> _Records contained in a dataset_
'''

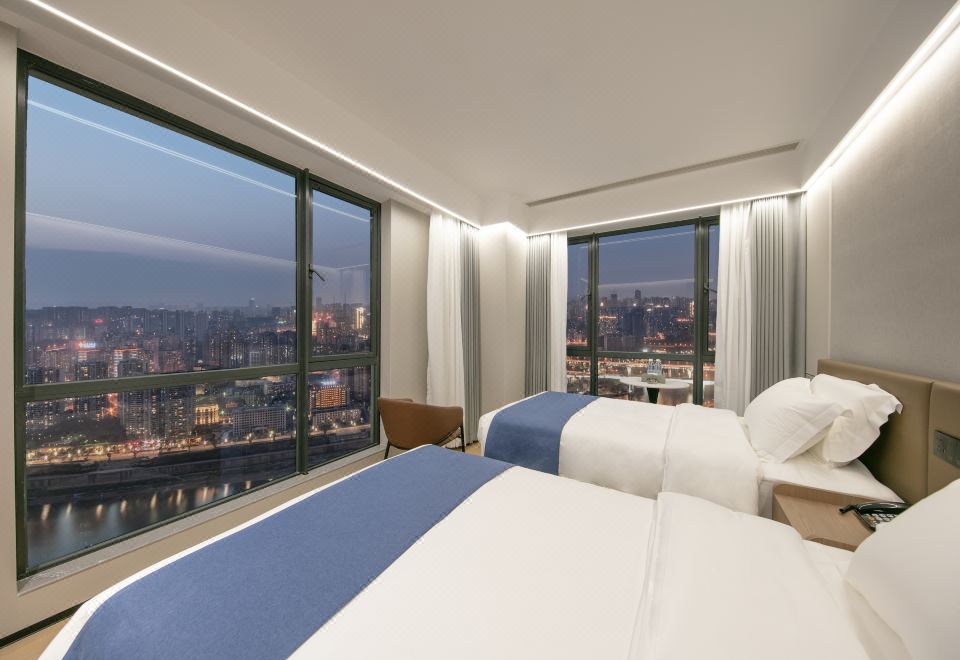 玥華·雲棲豪華雙床房(城市夜景-高定床品-深度好眠)
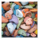 Foto einer Kiste voller farbiger Felsbefestigungen für eine Kletterwand im Innenbereich
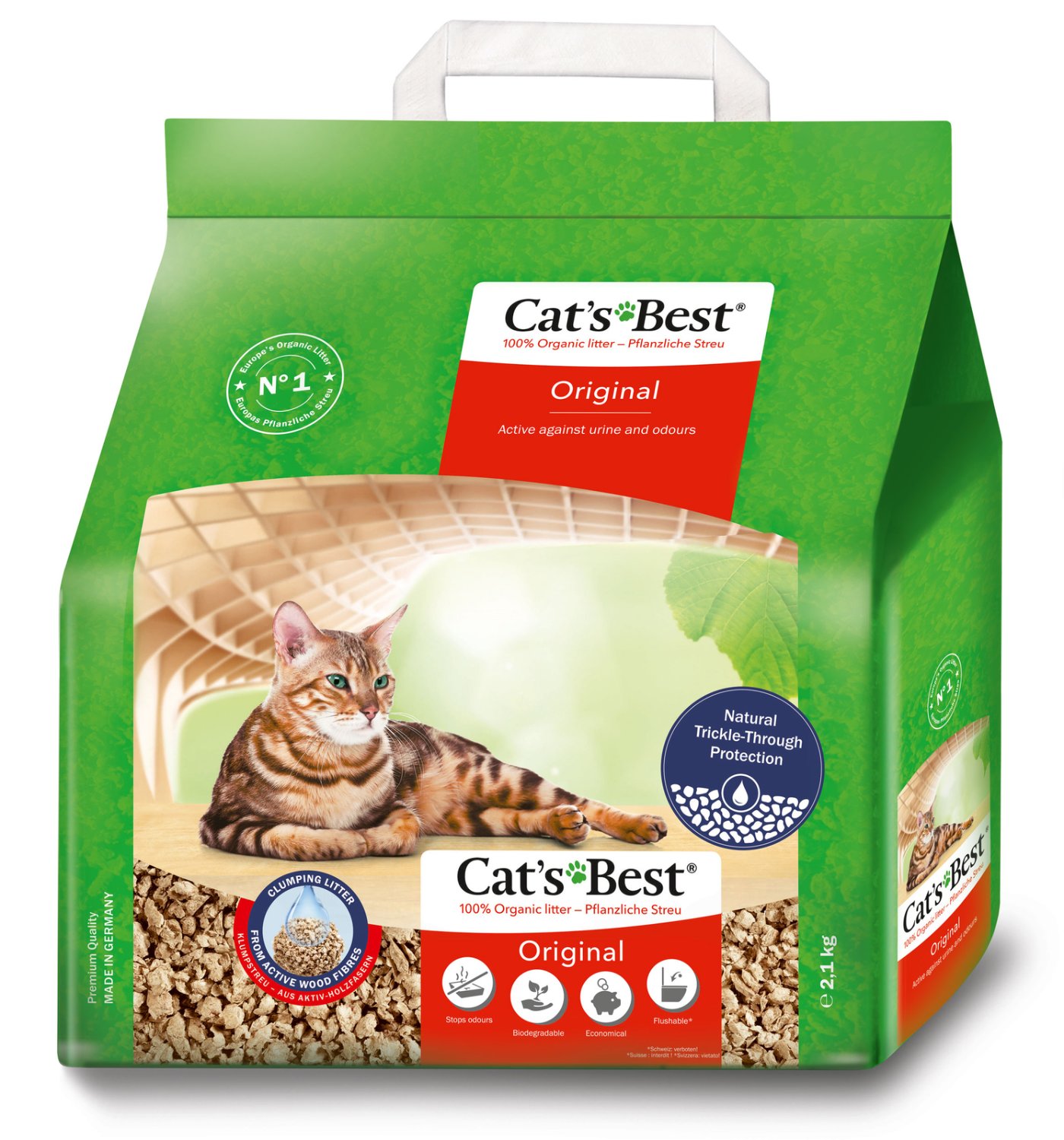 Żwirek Cat's Best Eco Plus jest jedynym żwirkiem, który ulega biodegradacji, można go po prostu wysypać do kosza z odpadami biologicznymi lub usunąć w toalecie.
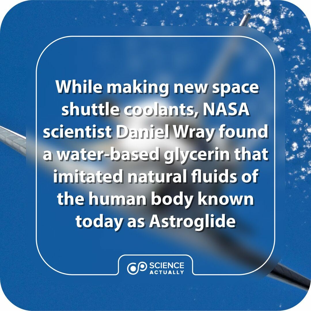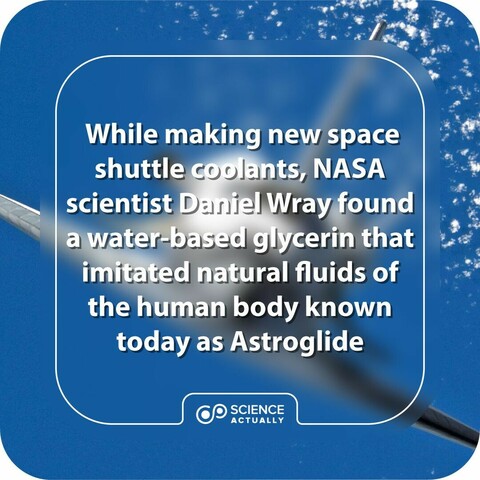 While making new space shuttle coolants, NASA scientist Daniel Wray found a water-based glycerin that imitated natural fluids of the human body - known today as Astroglide.
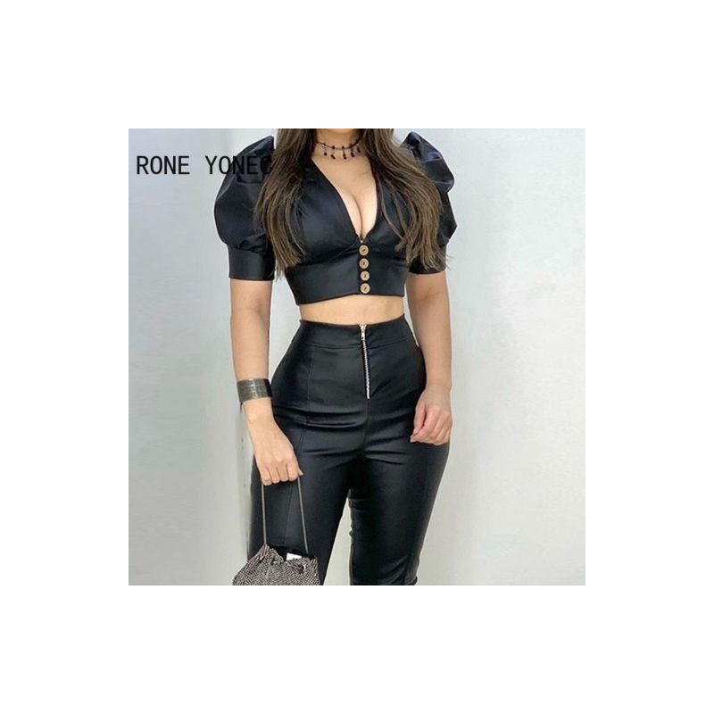 Women Solid Short Puff Sleeves Casual Crop button Bright Line Decoration Skinny Black Pant Sets
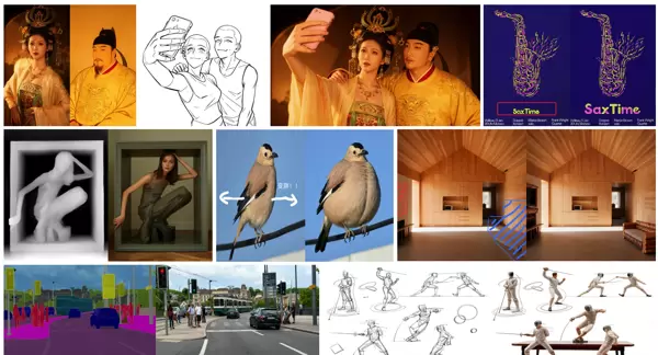 视觉信号,例如Canny边缘、素描、修复掩码或深度图,长期以来一直是可控生成的重要组成部分。它们使传递通常难以用语言表达的信息成为可能,如人体姿态或精确的空间布局,从而实现更精准和定向的生成。传统上,这种能力是利用多种专门模型(如ControlNet [9, 26])开发出来的。相反,Seedream 4.0原生地将这些功能整合到一个模型中。除了支持常见的视觉引导形式外,它还通过简单的线条或素描接纳创意输入,甚至可以实现由视觉信号驱动的新多图像组合。图10提供了示例。
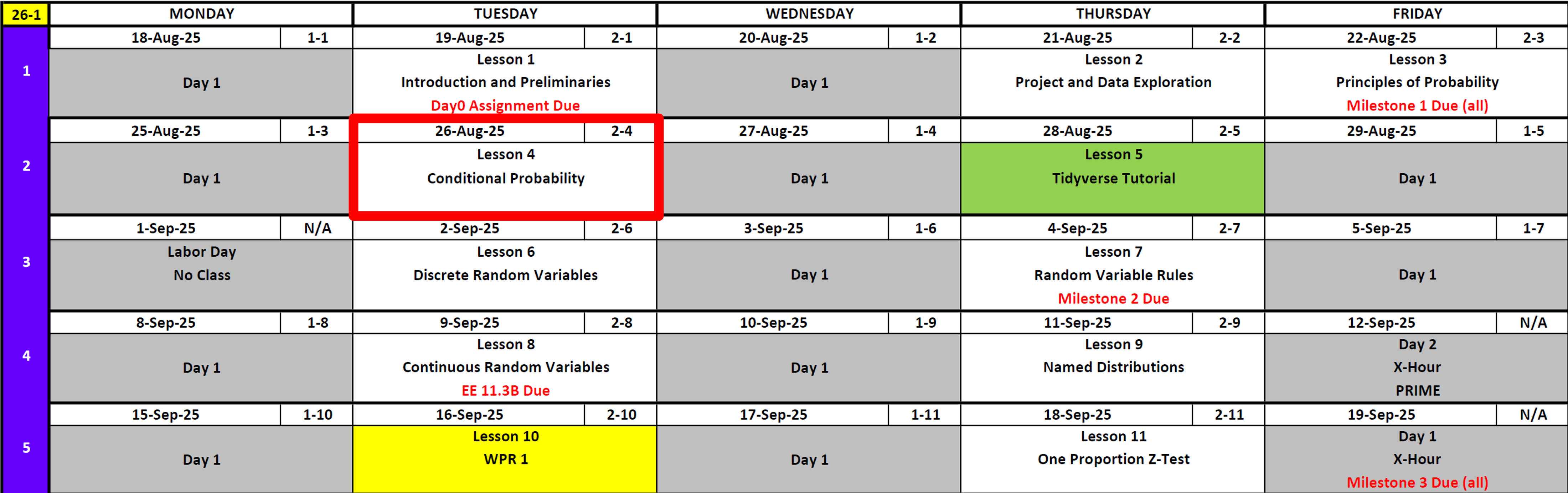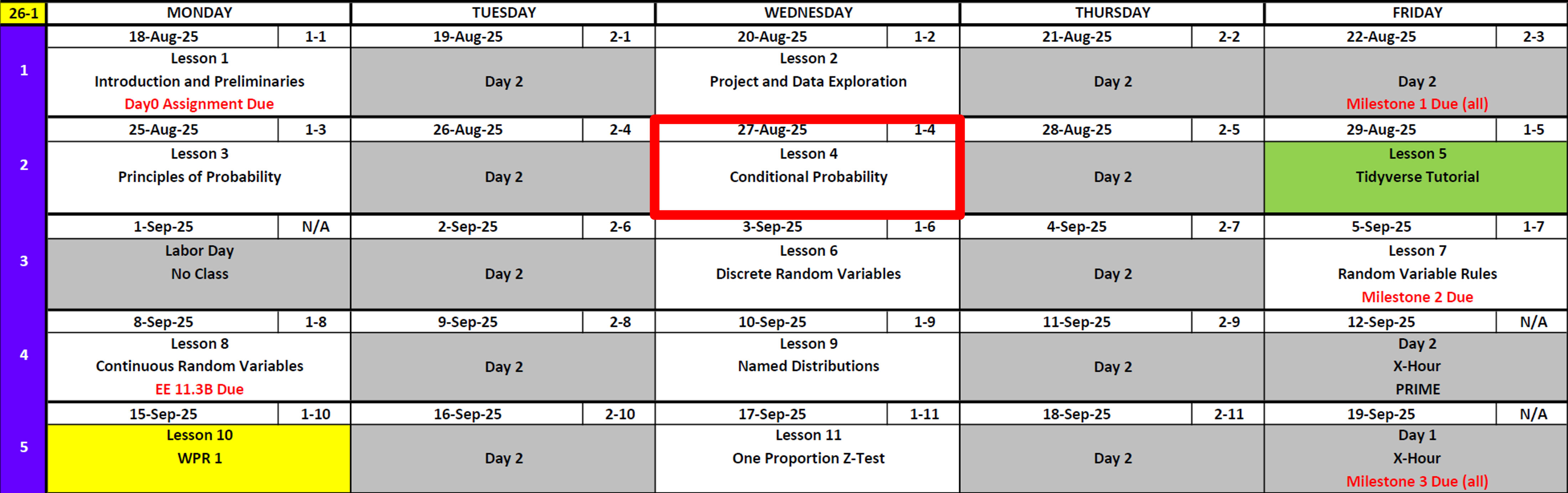 Build the 2×2 probability table with rows “spam / not spam” and columns “flagged / not flagged.” Fill in each cell with the corresponding probability, and verify that row and column totals match your earlier results and that the four cells sum to 1.
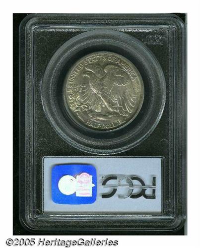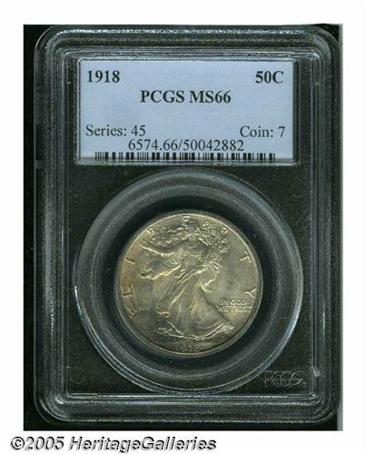 <B>1918<50C> MS66 PCGS.</B></I> Several positive attributes come together on this wonderfully preserved early Walker. An excellent strike and bright, shimmering surfaces are enhanced by splendid blushes of orange and rose iridescent toning on the obverse, while reddish-golden accents are seen here and there on the reverse. This is quite sharply struck with a full thumb, strong head details, and nearly complete skirt lines. The only critique we can make is the presence of a few small marks on Liberty's neck. Population: 7 in 66, 0 finer (6/05).<BR><I>From The Robert Moreno Collection.</B></I>
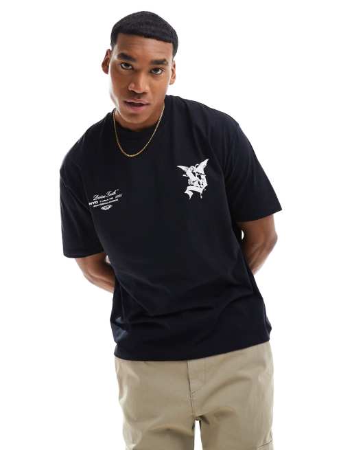 ASOS DESIGN oversized t-shirt in black with street chest prints

'''

Without including any pictures, please restate all the records exactly.

 玥華·雲棲豪華雙床房(城市夜景-高定床品-深度好眠)
 Foto einer Kiste voller farbiger Felsbefestigungen für eine Kletterwand im Innenbereich
 Żwirek Cat's Best Eco Plus jest jedynym żwirkiem, który ulega biodegradacji, można go po prostu wysypać do kosza z odpadami biologicznymi lub usunąć w toalecie.
 While making new space shuttle coolants, NASA scientist Daniel Wray found a water-based glycerin that imitated natural fluids of the human body - known today as Astroglide.
 Women Solid Short Puff Sleeves Casual Crop button Bright Line Decoration Skinny Black Pant Sets
 视觉信号,例如Canny边缘、素描、修复掩码或深度图,长期以来一直是可控生成的重要组成部分。它们使传递通常难以用语言表达的信息成为可能,如人体姿态或精确的空间布局,从而实现更精准和定向的生成。传统上,这种能力是利用多种专门模型(如ControlNet [9, 26])开发出来的。相反,Seedream 4.0原生地将这些功能整合到一个模型中。除了支持常见的视觉引导形式外,它还通过简单的线条或素描接纳创意输入,甚至可以实现由视觉信号驱动的新多图像组合。图10提供了示例。
 Build the 2×2 probability table with rows “spam / not spam” and columns “flagged / not flagged.” Fill in each cell with the corresponding probability, and verify that row and column totals match your earlier results and that the four cells sum to 1.
 <B>1918<50C> MS66 PCGS.</B></I> Several positive attributes come together on this wonderfully preserved early Walker. An excellent strike and bright, shimmering surfaces are enhanced by splendid blushes of orange and rose iridescent toning on the obverse, while reddish-golden accents are seen here and there on the reverse. This is quite sharply struck with a full thumb, strong head details, and nearly complete skirt lines. The only critique we can make is the presence of a few small marks on Liberty's neck. Population: 7 in 66, 0 finer (6/05).<BR><I>From The Robert Moreno Collection.</B></I>
 ASOS DESIGN oversized t-shirt in black with street chest prints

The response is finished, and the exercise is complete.